This urge to bring down the tariff is evident from the fact that the tariff, which was Rs.2.90
per kWh with 2% escalation every year, has been brought down to Rs.2.80 without escalation
for subsequent projects.

- the risk faced by the project on account of dispute between the States of Karantaka and
Tamil Nadu over sharing of Cauvery river water on which the project is located.

- In the absence of any certainty regarding both tariff and operating costs in years 11 to 20,
particularly having regard to the unique risks faced by this project, it is of utmost important
for the PP to recover its cost at the earliest.
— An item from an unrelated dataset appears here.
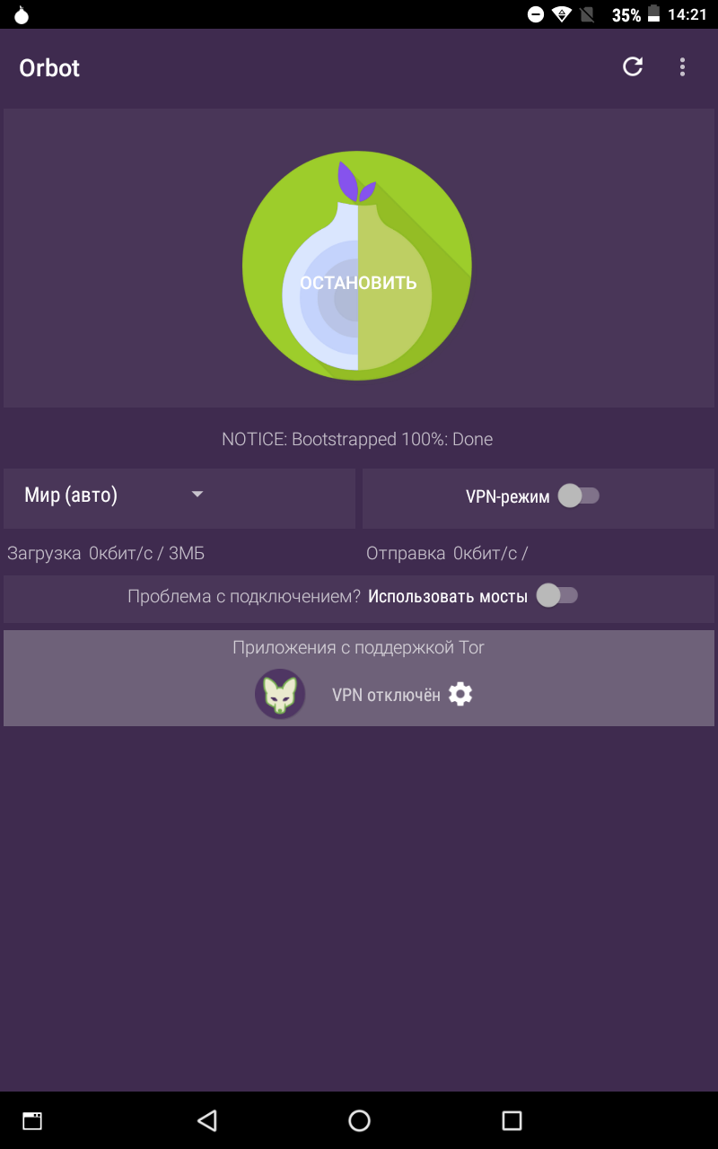 Затем запускаем орбот и ждем когда он полностью забутстрапиться (будет написано Bootstrap 100% под луковицей).

However, when the EB in its 35th Meeting recommended that investment analysis should not
be restricted to the crediting period, IRR analysis was prepared for 20 years and the soft copy
of the same are furnished separately. The extension of projections for 20 years has
necessitated the estimation of tariff from the 11th year onwards. This is because, as stated
above, the PPA is for only 10 years only and thereafter it is subject to review. The State
Utility might renew the PPA at the end of 10th year and such renewal could be for another 10
years. What tariff the State Utility would offer at that point of time is not certain as of today.
However, the general trend has been to lower the tariff progressively. This is evident from the
fact that while the tariff was fixed originally at Rs.2.90/kWh with 2% escalation, it was
brought down to Rs.2.80/kWh without any escalation for all future projects. Therefore any
assumption on the tariff applicable from 11th year onwards is necessarily highly uncertain
today and do not provide an objective reliable basis for making investment decisions.
However, it is clear that the tariff would be substantially lower for the reasons that by that
time, there would not be any element of interest on loans and the PP would have a very weak
negotiating power with the State Utility, who are themselves interested in bringing down the
tariff. It is against this background that PP has estimated the 'would be tariff ' from 11th year
onwards based on the cost plus basis. The total cost of generation of power as of 11th year (O
& M expenses, Interest on working capital and depreciation) and return on equity (at 16%)
has been added and divided by the total power generation during that year to arrive at the
cost, and hence the tariff likely to be provided by the State Utility per kWh. The projections
from 11th year onwards are based on this tariff.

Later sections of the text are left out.